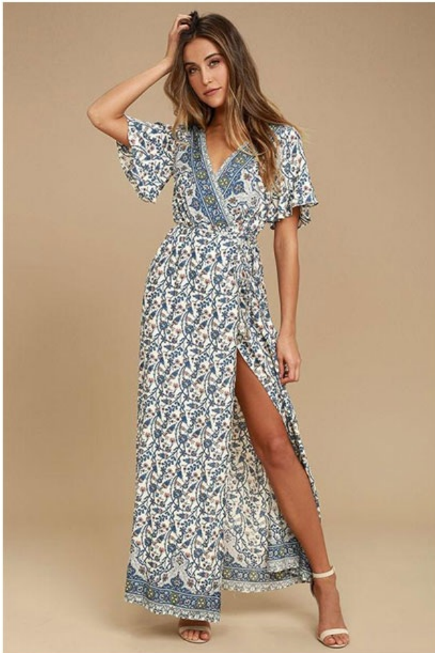
Amabella Cream Print Wrap Maxi Dress from Lulu's - $59
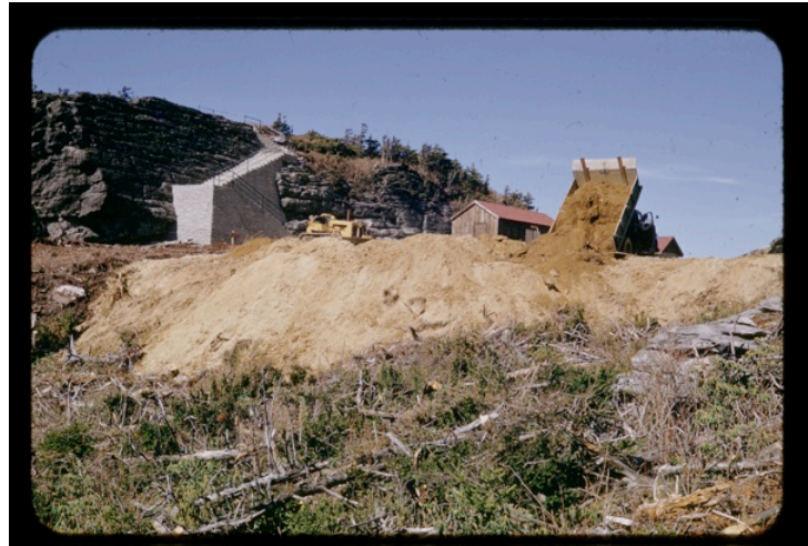
Grandfather Mountain construction, early 1950s http://dc.lib.unc.edu/u/?morton_highlights,2959

Perusing the images from the Morton collection, one can appreciate the dramatic physical transformation brought to Grandfather's summit by the development of "Carolina's Top Scenic Attraction." That attraction, its Park Service critics pointed out, had caused considerable damage to the mountain at an elevation higher than the planned Parkway "high route." And despite employing some language decrying the "great scar" the Parkway would cause, Morton in the 1950s and 1960s worried most that the high route would, as he noted in correspondence, "interfere with our attraction" and "kill the development."
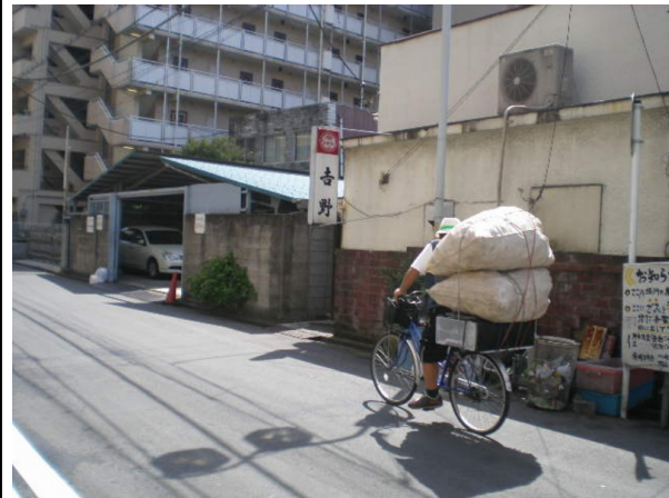
A good haul of cans

instance, or to muscle in on a garbage spot already being foraged by another man.
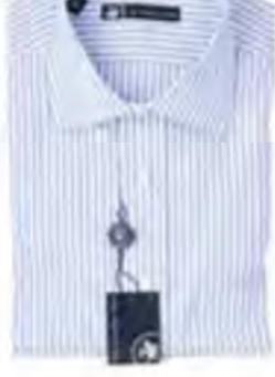
Blue and White Multistripe Dress Shirt
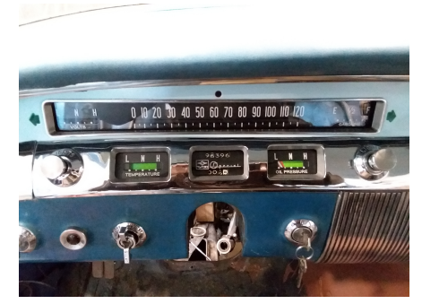
Completed cluster installed in the dashboard of a 1956 Buick Special.
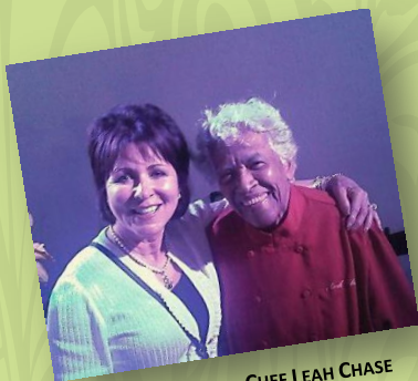
CHEF LEAH CHASE
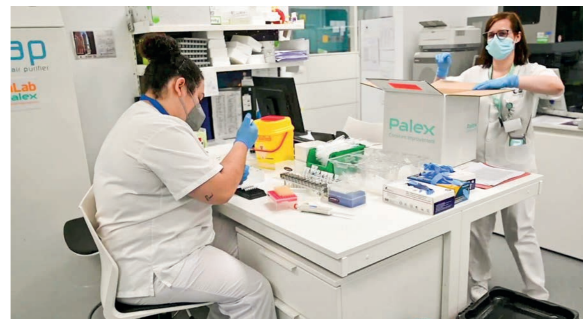
Madrid on 2 June 2022 begins PCR testing for monkeypox as cases peak.

"There are a few reports now of cases amongst women...at the moment there is still a window of opportunity to prevent the onward spread of monkeypox in those who
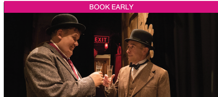
Stan and Ollie (tbc) Fri 11 January (OPENING NIGHT) – Thu 24 January Dir. Jon S. Baird, UK, 2018, 97 mins. Cast. Steve Coogan, John C. Reilly, Nina Arianda, Shirley Henderson.

In 1953, several years after their last film and with their celebrity on the wane, Stan and Ollie embark on a tour of British seaside towns and music halls. Surprised by the modesty of the bookings and cramped guesthouses, they struggle for audiences. But a series of TV guest spots and celebrity appearances soon rekindle interest in their genius and as the attention builds, so too do old resentments. Coogan and Reilly are a revelation; they nail the body language, mannerisms and routines the duo would have known in their sleep after decades performing together. A poignant study of lifelong male friendship and a fitting tribute to two of cinema's comedy giants.
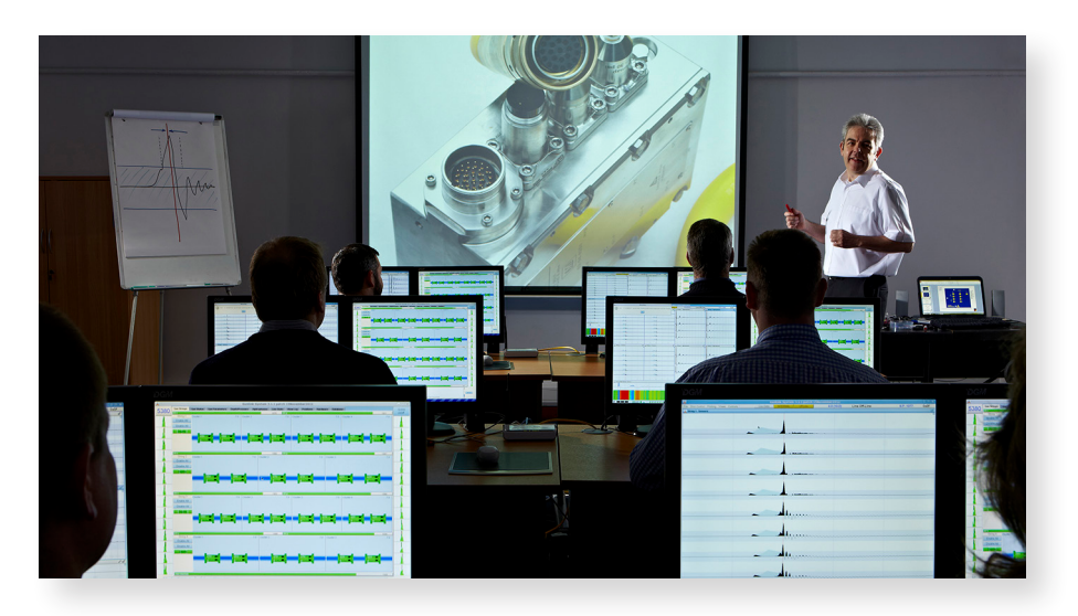
Course Venue Village Hotel Changi in Singapore. Duration: 2 days.

The GunLink interface offers extensive knowledge to the operator to help monitor gun performance and predict failures, with this tool maintenance can be carried out to prevent the guns failing online. The GunLink course agenda significantly reduces the potential of vessel downtime.
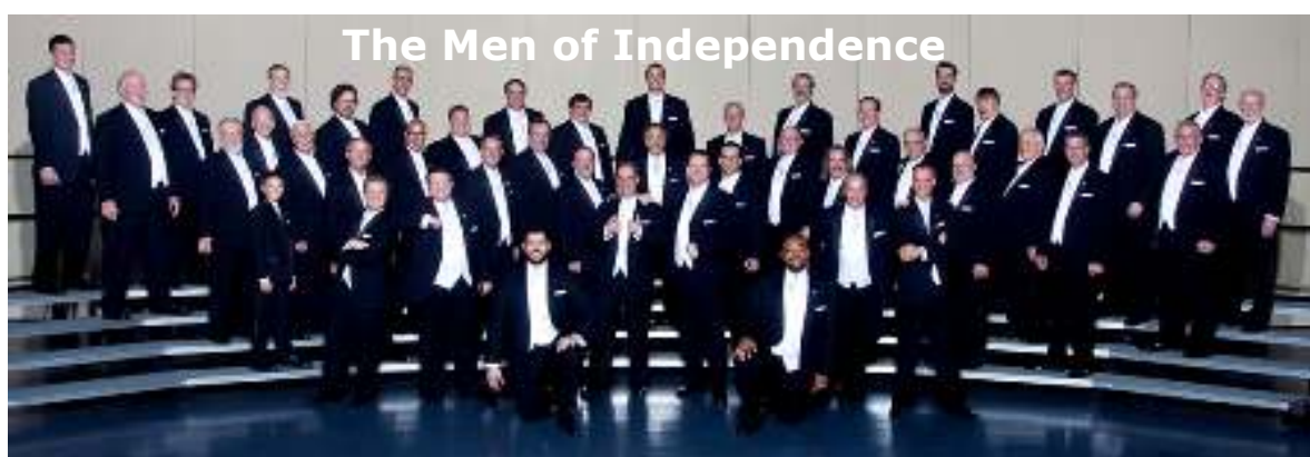
Independence, OH Chapter
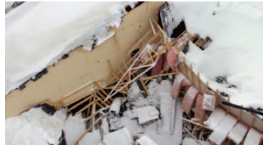
In many instances roof collapse due to snow loads not only results in damage to roof and building contents below but may also remove lateral support, allowing walls to collapse.
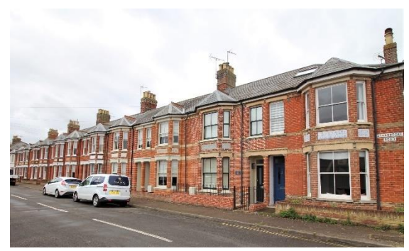
Stradbroke Terrace Nos.58-80 (even) Stradbroke Road

October 1893 in the Southwold Museum collection. Red brick with Suffolk white brick dressings and horned plate-glass sashes. Welsh slate roof with red brick ridge stacks. Recessed arched porches containing partially glazed, panelled doors beneath rectangular fanlights. No. 56 has its door set within its return elevation to Salisbury Road.
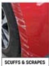
SCUFFS & SCRAPES
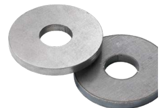
Oxide Skin Removal Sample
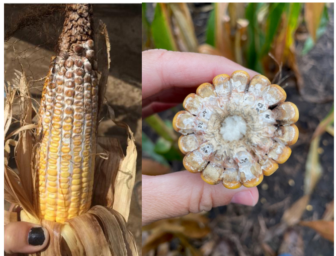
Figure 3. Diplodia ear rot with pycnidia observed in the kernels of cob on the right.

Diplodia ear rot ( Stenocarpella maydis ): A white to gray mold that can cause the entire ear to appear brown (Figure 3). Infection can begin at the ear base and move toward the tip, growing between kernels, but infection can also start at the tip of the ear, especially following insect or bird damage. Pycnidia, or fruiting bodies, can form on husks and at the base of kernels and can help in distinguishing Diplodia from other ear rots. Under severe infection, the ear may be entirely covered by white mycelium that, “mummifies” the ear and may cause the husk to stick to the kernels. Dead husks and ear leaves may be one of the first indications of Diplodia in the field. Cobs can also be infected via the ear shank, causing yield loss due to poorly developed ears and/or kernels. Diplodia ear rot occurs most often in reduced tillage and continuous corn systems. Development of this disease is favored by warm, dry conditions prior to silking followed by wet conditions after silking. S. maydis is not known to produce mycotoxins, but reports from other countries have associated this fungus with diplodiosis—a condition involving a lack of voluntary muscle coordination, muscle weakness, or partial paralysis—in cattle and sheep. 6
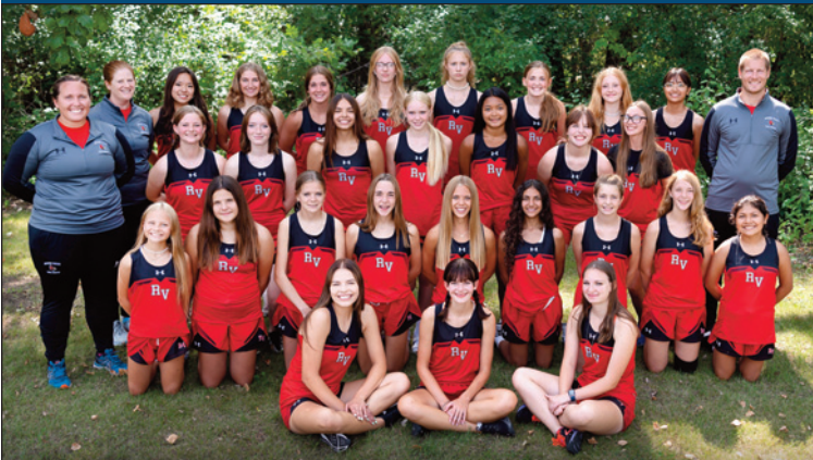
Section 3 Champion – REDWOOD VALLEY
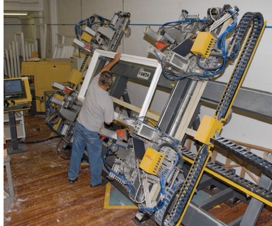
Our QAI approved Factory in Powell River, BC. Manufacturing windows since 1984.
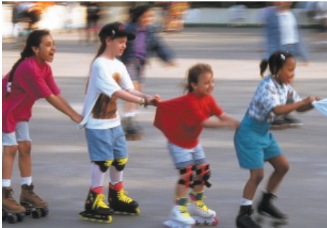
Children active outdoors can be sensitive to some air pollutants.

Air quality is measured by networks of monitors that record the concentrations of the major pollutants at more than a thousand locations across the country each day. These raw measurements are then converted into AQI values using standard formulas developed by EPA. An AQI value is calculated for each of the individual pollutants in an area (ground-level ozone, particulate matter, carbon monoxide, sulfur dioxide, and nitrogen dioxide). Finally, the highest of the AQI values for the individual pollutants becomes the AQI value for that day. For example, if on July 12 a certain area had AQI values of 90 for ozone and 88 for sulfur dioxide, the AQI value would be 90 for the pollutant ozone on that day.
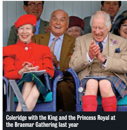
Coleridge with the King and the Princess Royal at the Braemar Gathering last year

He's right, people are fascinated by the place, even if many view it as everything that is wrong about the class system in Britain. Eton, of all the public schools, is seen as the ultimate toff destination. It's partly the uniform – those tails, the pinstriped trousers and waistcoat – but
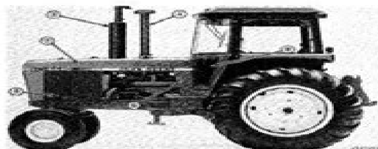
Fig. 13-Removing Muffler, Screens and Cowling
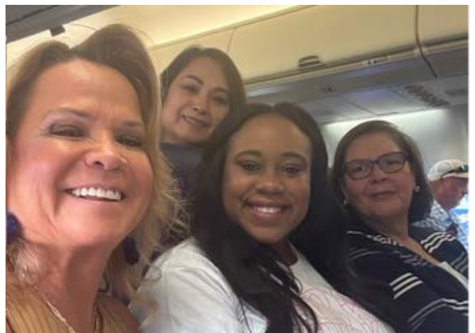
Even the skies are fun when this group gets together!
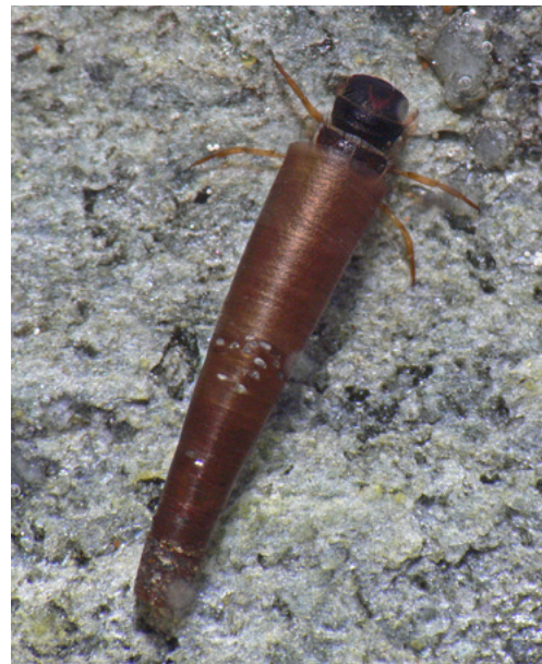
Humpless Case Makers (Brachycentridae)
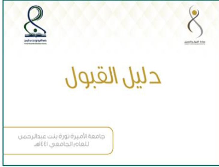
PNU Acceptance Guide

PNU's admission policy supports non-discrimination and equal opportunity. The university does not discriminate on the basis of race, color, national origin, religion, marital status, age, or disability. The university provides an equal learning experience to all its student body.
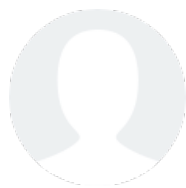
Brooke Roberts Homes and Real Estate
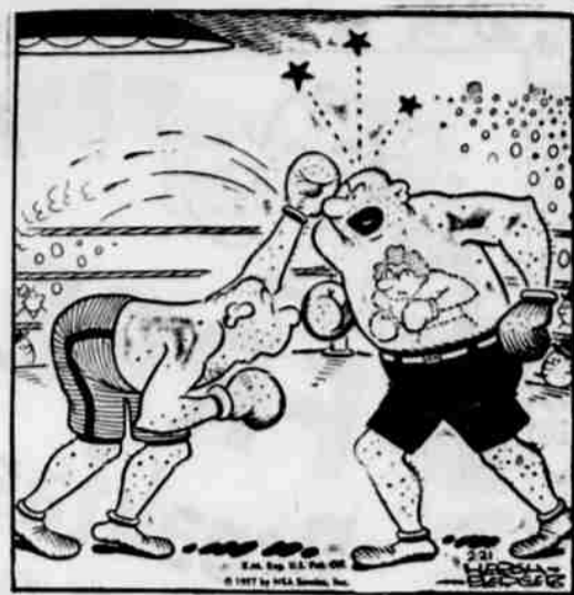
"Whatever you do, don't hit the wife or it'll be too bad for you!"
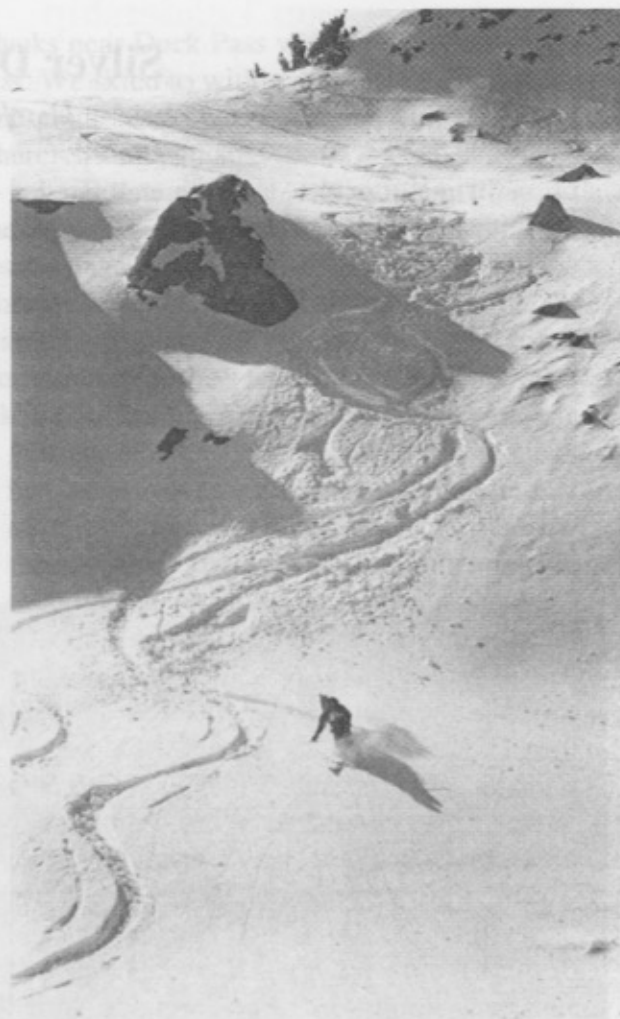
Ski run down Kaiser Ridge to George Lake

+++++

◆ About this exercise ◆
Without including any pictures, please restate all the records exactly.

◆ Solution to the problem ◆
Amabella Cream Print Wrap Maxi Dress from Lulu's - $59
Grandfather Mountain construction, early 1950s http://dc.lib.unc.edu/u/?morton_highlights,2959

Perusing the images from the Morton collection, one can appreciate the dramatic physical transformation brought to Grandfather's summit by the development of "Carolina's Top Scenic Attraction." That attraction, its Park Service critics pointed out, had caused considerable damage to the mountain at an elevation higher than the planned Parkway "high route." And despite employing some language decrying the "great scar" the Parkway would cause, Morton in the 1950s and 1960s worried most that the high route would, as he noted in correspondence, "interfere with our attraction" and "kill the development."
A good haul of cans

instance, or to muscle in on a garbage spot already being foraged by another man.
Blue and White Multistripe Dress Shirt
Completed cluster installed in the dashboard of a 1956 Buick Special.
CHEF LEAH CHASE
Madrid on 2 June 2022 begins PCR testing for monkeypox as cases peak.

"There are a few reports now of cases amongst women...at the moment there is still a window of opportunity to prevent the onward spread of monkeypox in those who
Stan and Ollie (tbc) Fri 11 January (OPENING NIGHT) – Thu 24 January Dir. Jon S. Baird, UK, 2018, 97 mins. Cast. Steve Coogan, John C. Reilly, Nina Arianda, Shirley Henderson.

In 1953, several years after their last film and with their celebrity on the wane, Stan and Ollie embark on a tour of British seaside towns and music halls. Surprised by the modesty of the bookings and cramped guesthouses, they struggle for audiences. But a series of TV guest spots and celebrity appearances soon rekindle interest in their genius and as the attention builds, so too do old resentments. Coogan and Reilly are a revelation; they nail the body language, mannerisms and routines the duo would have known in their sleep after decades performing together. A poignant study of lifelong male friendship and a fitting tribute to two of cinema's comedy giants.
Course Venue Village Hotel Changi in Singapore. Duration: 2 days.

The GunLink interface offers extensive knowledge to the operator to help monitor gun performance and predict failures, with this tool maintenance can be carried out to prevent the guns failing online. The GunLink course agenda significantly reduces the potential of vessel downtime.
Independence, OH Chapter
In many instances roof collapse due to snow loads not only results in damage to roof and building contents below but may also remove lateral support, allowing walls to collapse.
Stradbroke Terrace Nos.58-80 (even) Stradbroke Road

October 1893 in the Southwold Museum collection. Red brick with Suffolk white brick dressings and horned plate-glass sashes. Welsh slate roof with red brick ridge stacks. Recessed arched porches containing partially glazed, panelled doors beneath rectangular fanlights. No. 56 has its door set within its return elevation to Salisbury Road.
SCUFFS & SCRAPES
Oxide Skin Removal Sample
Figure 3. Diplodia ear rot with pycnidia observed in the kernels of cob on the right.

Diplodia ear rot ( Stenocarpella maydis ): A white to gray mold that can cause the entire ear to appear brown (Figure 3). Infection can begin at the ear base and move toward the tip, growing between kernels, but infection can also start at the tip of the ear, especially following insect or bird damage. Pycnidia, or fruiting bodies, can form on husks and at the base of kernels and can help in distinguishing Diplodia from other ear rots. Under severe infection, the ear may be entirely covered by white mycelium that, “mummifies” the ear and may cause the husk to stick to the kernels. Dead husks and ear leaves may be one of the first indications of Diplodia in the field. Cobs can also be infected via the ear shank, causing yield loss due to poorly developed ears and/or kernels. Diplodia ear rot occurs most often in reduced tillage and continuous corn systems. Development of this disease is favored by warm, dry conditions prior to silking followed by wet conditions after silking. S. maydis is not known to produce mycotoxins, but reports from other countries have associated this fungus with diplodiosis—a condition involving a lack of voluntary muscle coordination, muscle weakness, or partial paralysis—in cattle and sheep. 6
Section 3 Champion – REDWOOD VALLEY
Our QAI approved Factory in Powell River, BC. Manufacturing windows since 1984.
Children active outdoors can be sensitive to some air pollutants.

Air quality is measured by networks of monitors that record the concentrations of the major pollutants at more than a thousand locations across the country each day. These raw measurements are then converted into AQI values using standard formulas developed by EPA. An AQI value is calculated for each of the individual pollutants in an area (ground-level ozone, particulate matter, carbon monoxide, sulfur dioxide, and nitrogen dioxide). Finally, the highest of the AQI values for the individual pollutants becomes the AQI value for that day. For example, if on July 12 a certain area had AQI values of 90 for ozone and 88 for sulfur dioxide, the AQI value would be 90 for the pollutant ozone on that day.
Coleridge with the King and the Princess Royal at the Braemar Gathering last year

He's right, people are fascinated by the place, even if many view it as everything that is wrong about the class system in Britain. Eton, of all the public schools, is seen as the ultimate toff destination. It's partly the uniform – those tails, the pinstriped trousers and waistcoat – but
Fig. 13-Removing Muffler, Screens and Cowling
Even the skies are fun when this group gets together!
Humpless Case Makers (Brachycentridae)
PNU Acceptance Guide

PNU's admission policy supports non-discrimination and equal opportunity. The university does not discriminate on the basis of race, color, national origin, religion, marital status, age, or disability. The university provides an equal learning experience to all its student body.
Brooke Roberts Homes and Real Estate
"Whatever you do, don't hit the wife or it'll be too bad for you!"
Ski run down Kaiser Ridge to George Lake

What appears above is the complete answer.